1. Introduction
Rheumatic diseases, such as rheumatoid arthritis (RA), spondyloarthritis (SpA), and systemic lupus erythematosus (SLE), are characterized by joint inflammation and other systemic manifestations that lead to functional disability and impaired quality of life [
1]. The therapeutic objectives in affected patients include not only reducing inflammatory activity, but also improving quality of life and participation in social activities [
2,
3]. Previous studies have shown that participation in social activities is closely related to better quality of life and well-being [
4].
Patients with rheumatic disease have a reduced capacity for participating in social activities in various settings [
5]. Such social isolation may be associated with mood disorders and reduced social satisfaction [
6]. Furthermore, the poor visibility of rheumatic symptoms (i.e., pain, stiffness, and fatigue) means that patients are excluded from social exchanges and stigmatized [
5,
7]. Van Genderen et al. observed that patients with SpA were less satisfied with their interpersonal relationships and leisure interests than controls [
8]. Similarly, patients with RA more frequently experience negative sensations with respect to social skills, such as sadness, frustration, and defenselessness [
9]. In patients with SLE, loss and uncertainty have been reported to be the two main sensations with respect to social relationships [
10]. The first refers to different types of loss—for example, physical ability, appearance, independence, and family balance. In this sense, it is important to note that concerns associated with body image mainly affect self-esteem and social withdrawal in affected patients [
11].
However, it is not easy to provide a general measurement of participation in social activities, since this area encompasses a wide variety of domains [
12]. One of the most widely used tests for the evaluation of participation in social activities is the Patient-Reported Outcomes Measurement Information Systems (PROMIS) Ability to Participate in Social Roles and Activities v2.0 Short-Form (8 items, PROMIS-APS), which has been shown to have adequate measurement properties [
13]. While PROMIS-APS has been used in patients with musculoskeletal disorders [
14,
15], it has not been specifically evaluated in patients with inflammatory rheumatic diseases.
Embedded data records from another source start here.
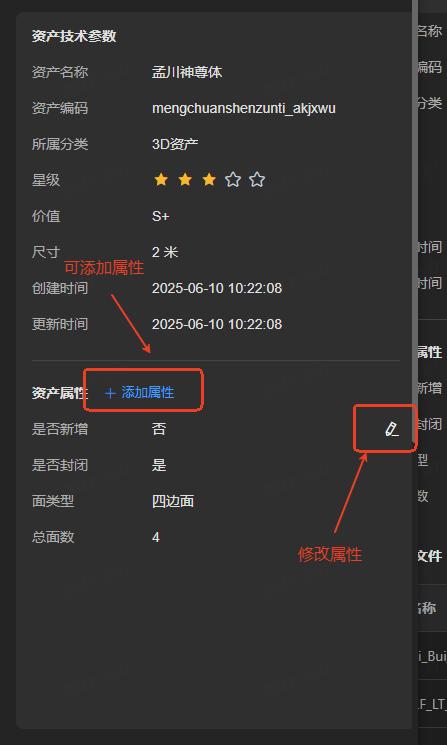 - 鼠标移至需要修改的属性字段上方,右侧出现修改图标,点击即可修改属性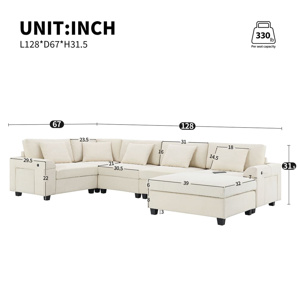 This sofa features multiple combination options, allowing you to customize your layout to fit any room. Enjoy the comfort of a movable ottoman, perfect for relaxing after a long day. Both armrests are equipped with hidden storage compartments to keep your essentials organized and out of sight. With built-in cup holders and convenient charging ports, you'll have everything you need right at your fingertips. Elevate your home with this perfect blend of elegance and practicality!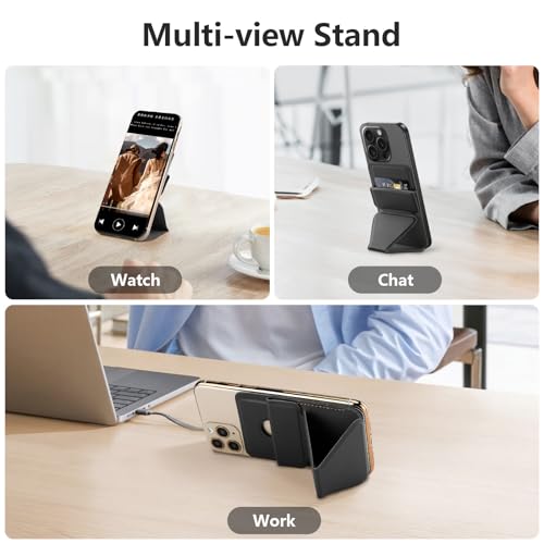 - 【حامل قابل للتعديل متعدد الزوايا】محفظة الموبايل بتصميم قابل للطي، والذي يدعم ثلاثة أوضاع للتثبيت: الوضع الأفقي والعمودي والتعليق. يمكنك تعديل محفظة ماج سيف بزاوية تصل إلى 180 درجة حسب الحاجة للحصول على الوضعية المثالية. هذه المحفظة المغناطيسية عملية للغاية وتساعدك على تحرير يديك بكل سهولة.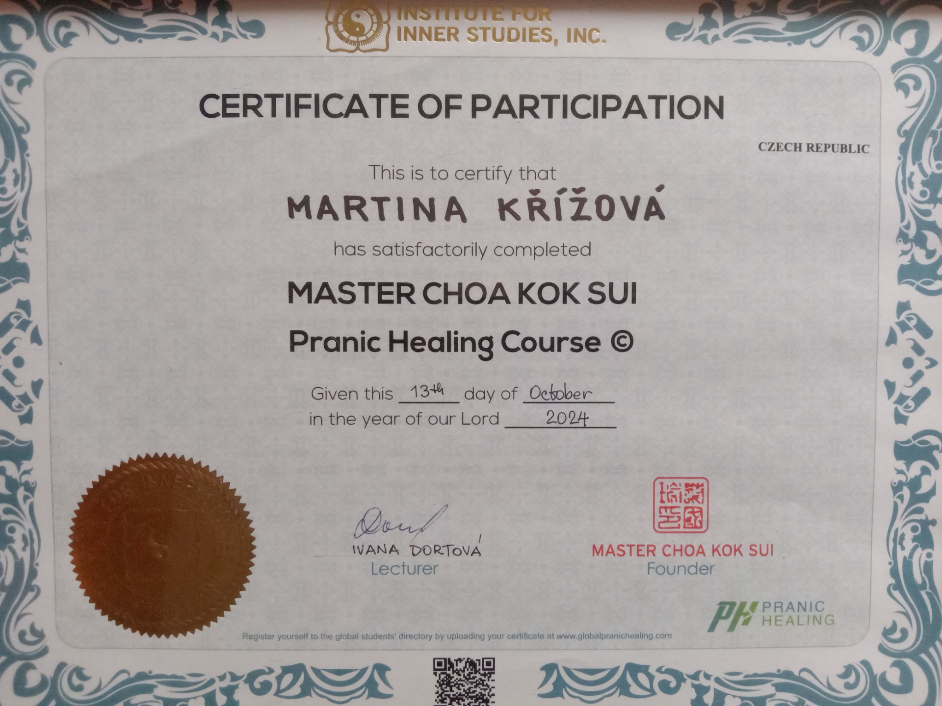 "Pránické léčení není určeno k tomu, aby nahradilo alopatickou medicínu, ale spíše aby ji doplnilo. Pokud příznaky přetrvávají nebo jestli je onemocnění závažné, prosím, vyhledejte lékaře."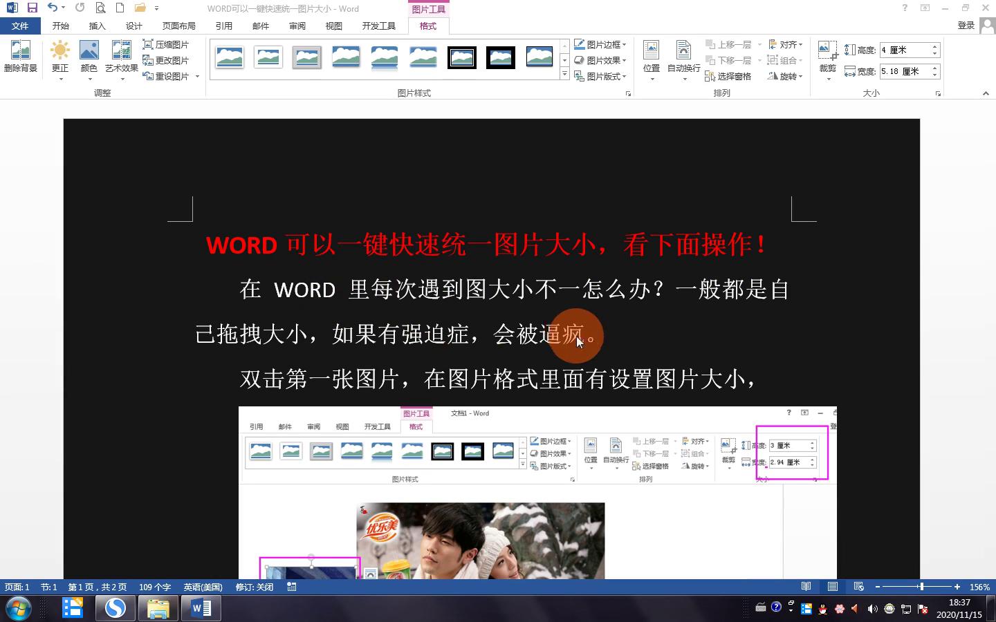 ·第一步,双击第一张图片,在图片格式里面有设置图片大小,比如双击第一张图片,双击它,在图片格式设置图片大小,比如设置四乘一个三,这是第一步。
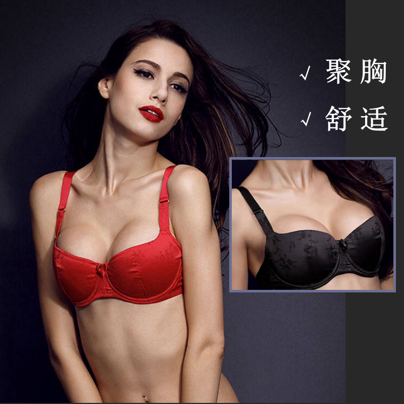 聚胸3D杯bra 聚拢撞色内衣女小胸显大收副乳防R下垂调整型文胸套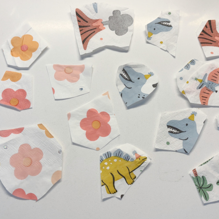 Liam and I used playful paper napkins to cover the ends of our cascarones. We cut (and sometimes tore) little irregular pieces from the napkins.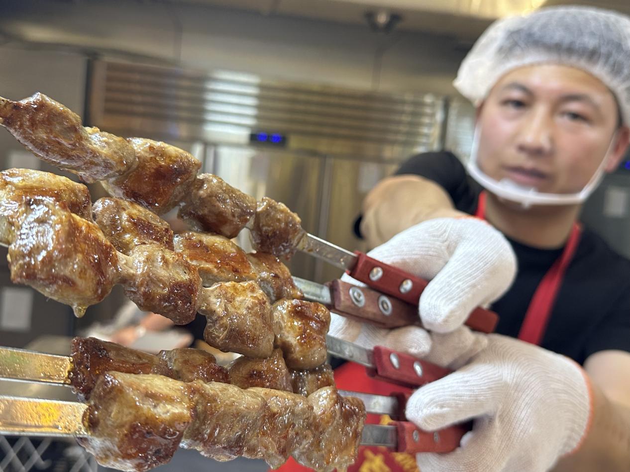 暮色降臨,綏化市青岡縣街頭的炭不二燒烤店內(nèi)早已座無(wú)虛席,滋滋冒油的大油邊在炭火上翻滾,金黃油亮的肉串被烤得滋滋作響,食客們大快朵頤。從明水一店,開(kāi)到青岡二店,一路飄香。店主王安國(guó)穿梭在人群中,臉上洋溢著喜悅:“每天400多串根本不夠賣(mài)!試營(yíng)業(yè)以來(lái),店里天天爆滿,老顧客帶著新客人,都沖著這口大油邊來(lái)的?!闭f(shuō)話間,一位熟客又推門(mén)而入,她笑著對(duì)服務(wù)員說(shuō):“老樣子,先來(lái)十串大油邊!嘗過(guò)一次就忘不了這脆皮爆汁的口感,太幸福了!”回頭客絡(luò)繹不絕。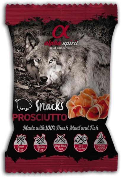 ALPHA SPIRIT SNACKS ● PROSCIUTTO SONKÁS JUTALOMFALAT KUTYÁKNAK - 50GHiszen egy vérbeli gazdinál mindig van néhány jutalomfalat! Az Alpha Spirit Snacks prosciutto sonkás falatkáival bármikor elcsábíthatod kedvenced. Csakis természetes összetevőkből készül és pompásan zamatos - ennek egyszerűen nem lehet ellenállni!Tréningek, trükkök vagy kutyasuli? A kis adagoknak hála k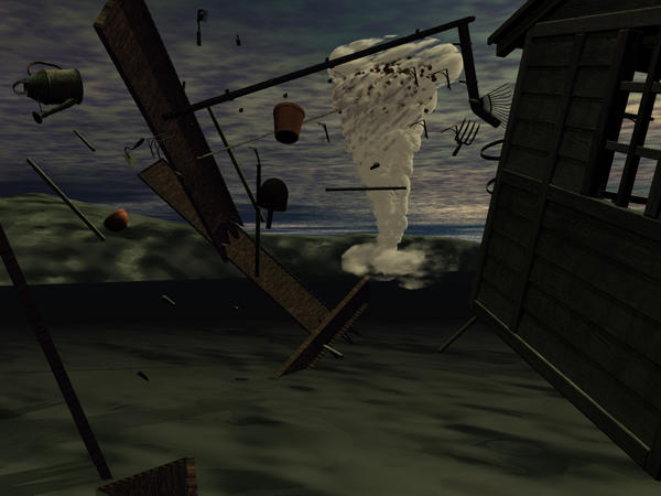 A few months ago I was trying to do an image using the particle emitter that I had been dying to try since I got Bryce 7 and had seen Horo's tutorial... As has already been said, it is sometimes a difficult "tool" not only for it's sphere only particle shape... However I tried using it for the debris flying from the tornado... With volumetric clouds taking so long to render to see if the "particles" were where and when I wanted them... It became quite frustrating and I have thus designated this as a WIP that I really have no intention of revisiting... In this case I would have better used the multi- or random replicate of actual objects of my choice... I'll play with the emitter another time...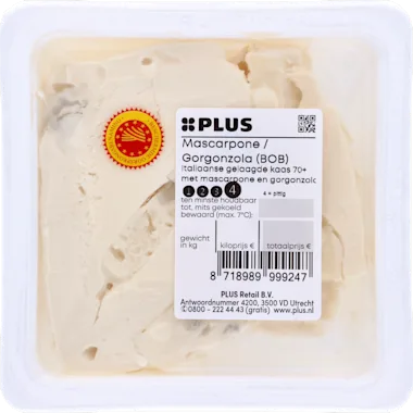 60% Mascarpone (room (MELK), voedingszuur: E330), 40% gorgonzola (gepasteuriseerde KOEMELK, zout, zuursel, dierlijk stremsel, blauwschimmelcultuur).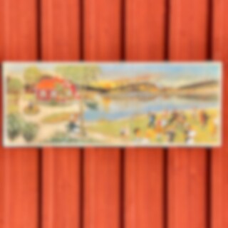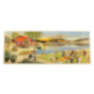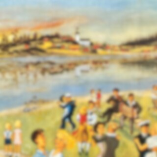 Gammaldags väggbonad i papper med vackert illustrerat sommarmotiv en Midsommarafton med dans vid sjön.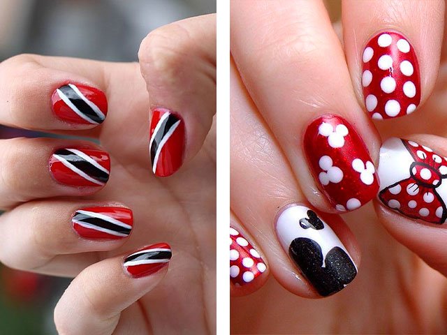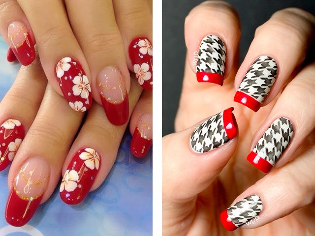 - 1.3 Manucure rouge avec du blanc et du noir.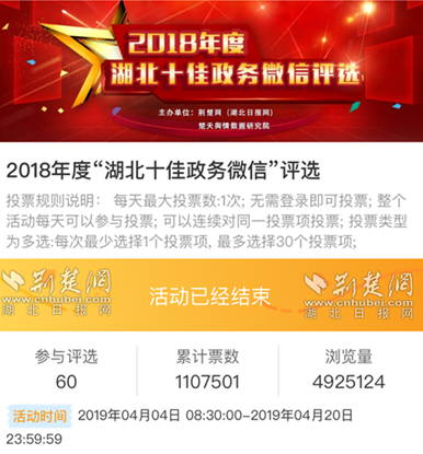 3月26日,2018年度湖北十佳政務微信評選活動發起報名;4月4日,網絡投票正式啟動;參與投票的省直、市州、縣區系統各20家微信公眾號,多有積極組織投票者,截至20日24時,省直系統排名前三的票數是69389、68450、62929,市州系統排名前三的票數是69023、48200、26812,縣區系統排名前三的票數是94374、82271、67078。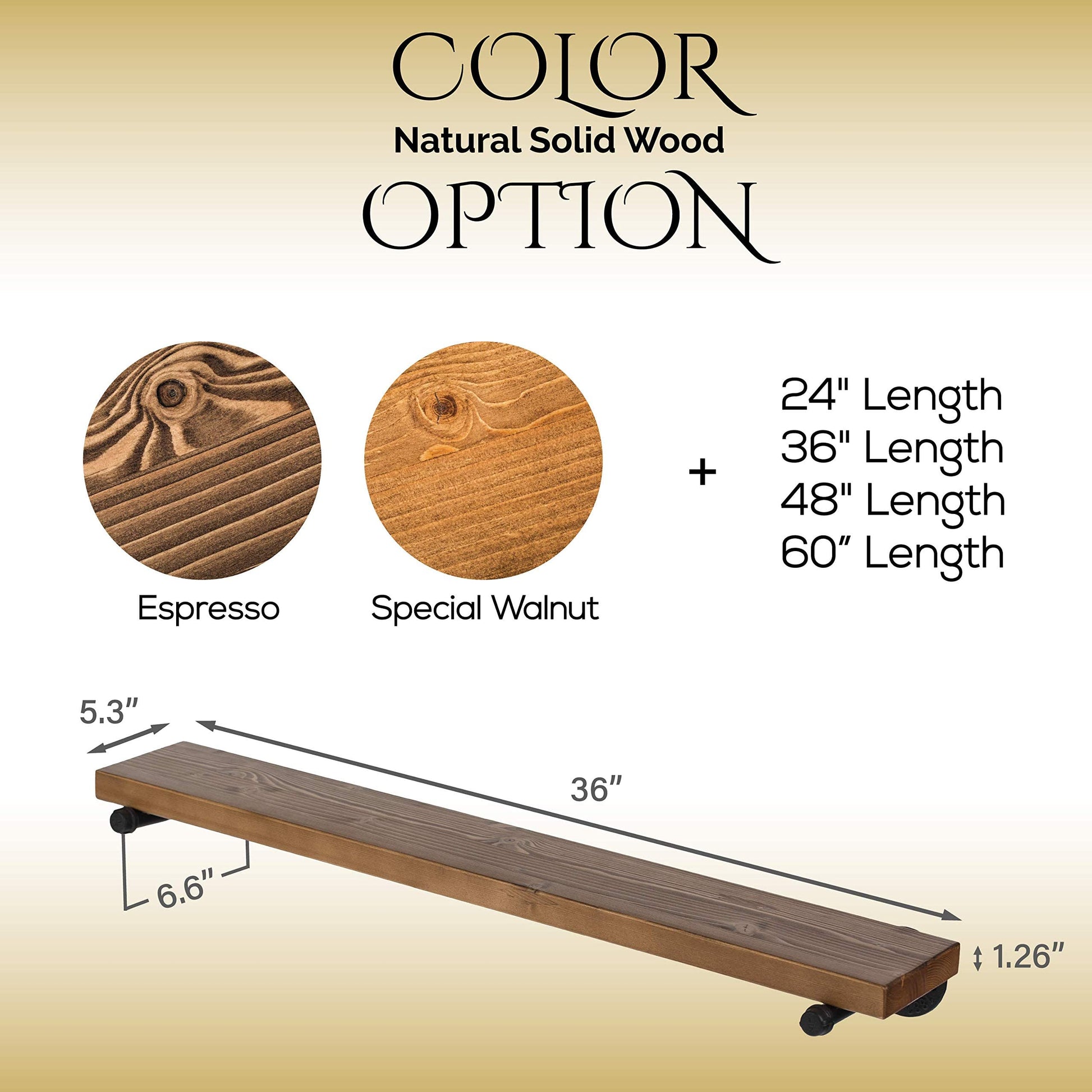 Industrial Pipe Wood Wall Shelf - 36" Espresso Real Wooden Shelving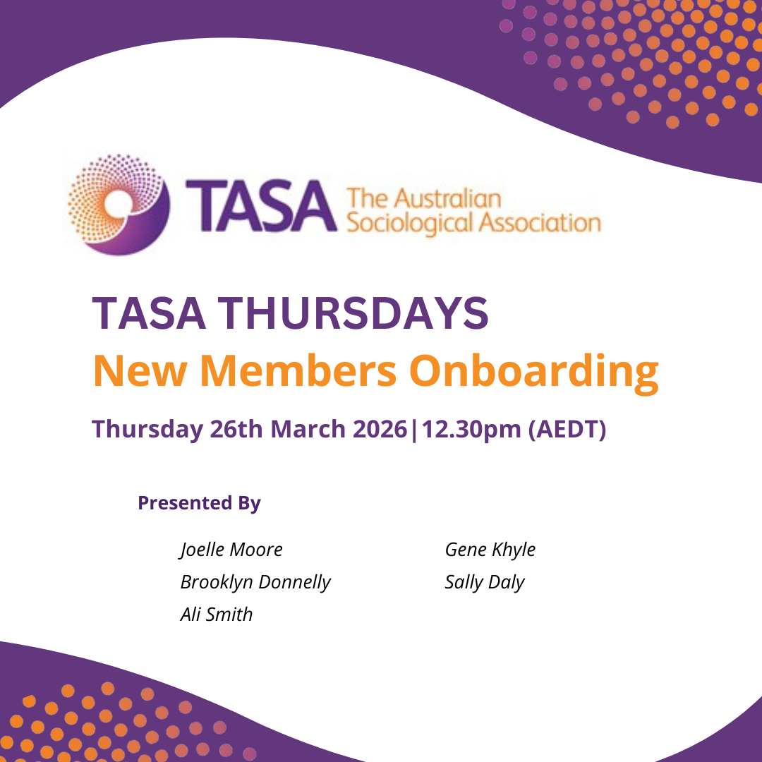 Join us on 26 March at 12:30pm AEDT for a special TASA Thursdays New Members Onboarding session. Hosted by the Student Career Stage Group Convenors, this webinar will introduce TASA’s role and objectives, outline key member benefits, and guide you through accessing resources such as thematic groups, career stage networks, journal access, events and the newsletter. Discover how to get involved and make the most of your TASA membership.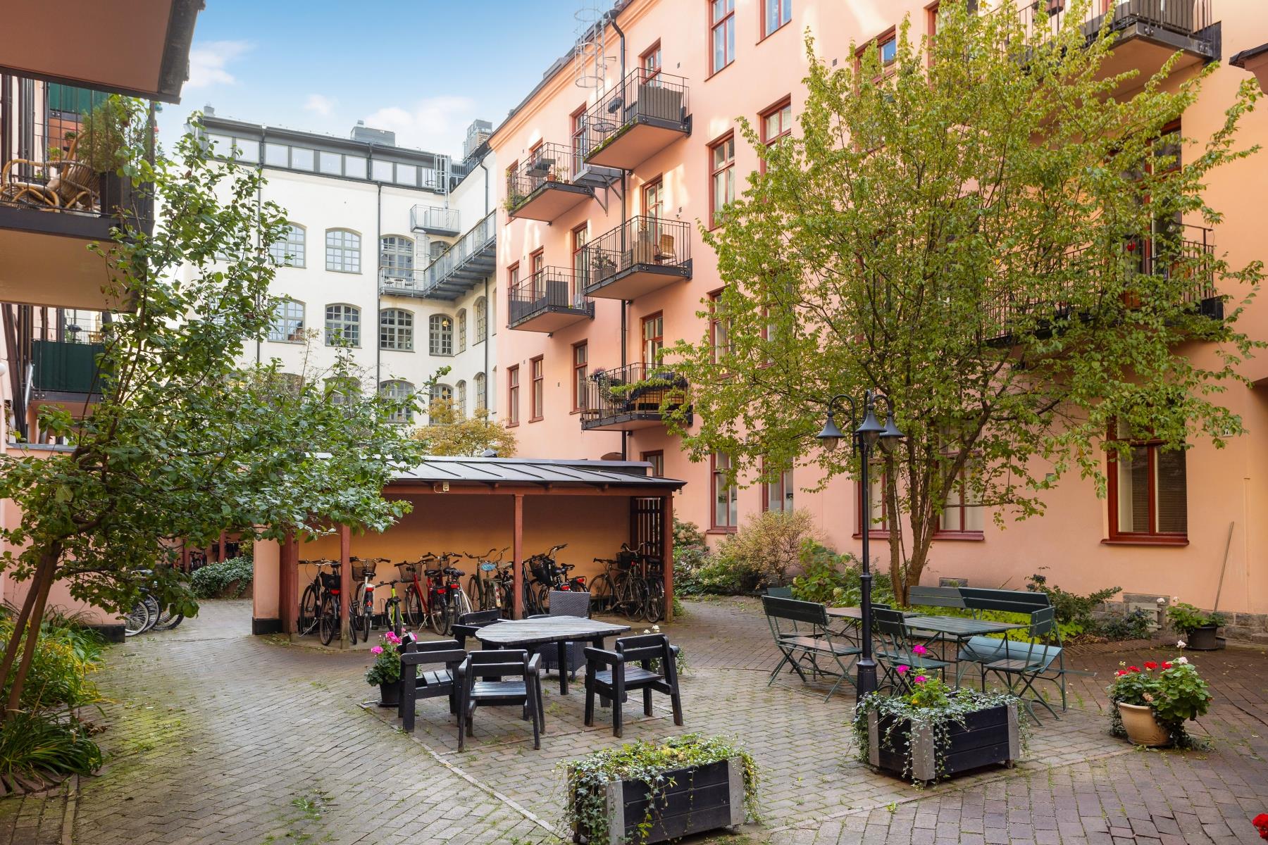- Föreningen erbjuder en lummig innergård med utemöbler, grill.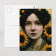 Frau mit Sonnenblumen Postkarte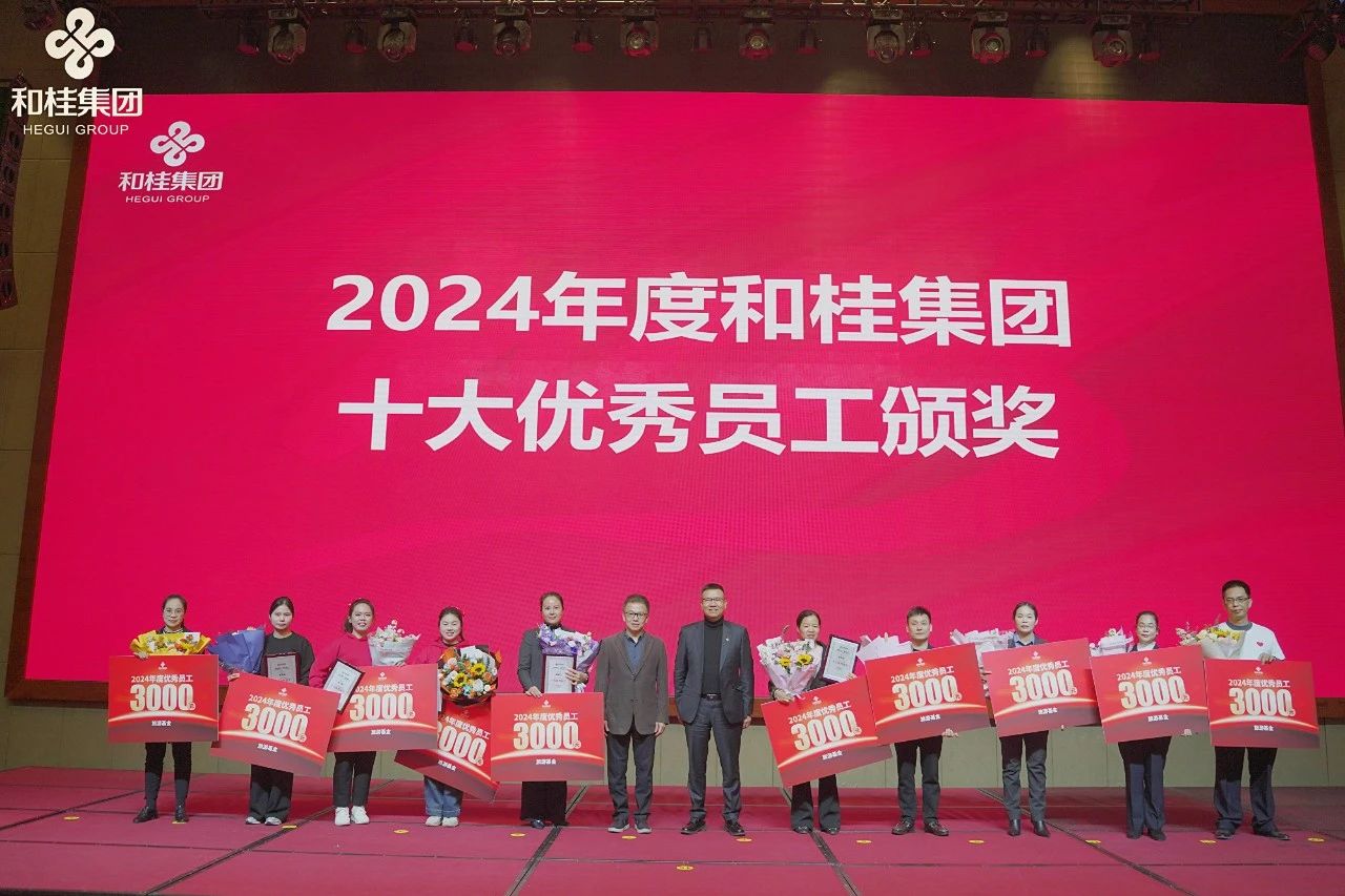 榮譽(yù)屬于每一位奮斗的你。晚宴上,和桂集團(tuán)為過(guò)去一年勤勉奉獻(xiàn)、業(yè)績(jī)突出的優(yōu)秀員工頒發(fā)了榮譽(yù)獎(jiǎng)項(xiàng),以此表彰他們的辛勤耕耘與卓越成就。

Similarly, no attempts have been made to determine other social factors associated with impaired ability to participate in social activities, since social support is a reasonable treatment goal in interventions that seek to improve psychological well-being in persons with conditions that are associated with disability. Likewise, although these problems are common to all rheumatic diseases, they are experienced differently and affect each type of disease in a different way [
16]. In fact, a study comparing social involvement in rheumatic diseases found the greatest degree of involvement in systemic autoimmune diseases such as SLE [
5]. However, no comparisons have been made of patients with different inflammatory rheumatic diseases. Therefore, the objectives of our study were to describe the ability to participate in social activities in patients with rheumatoid arthritis compared with SpA and SLE, and likewise to identify the factors involved.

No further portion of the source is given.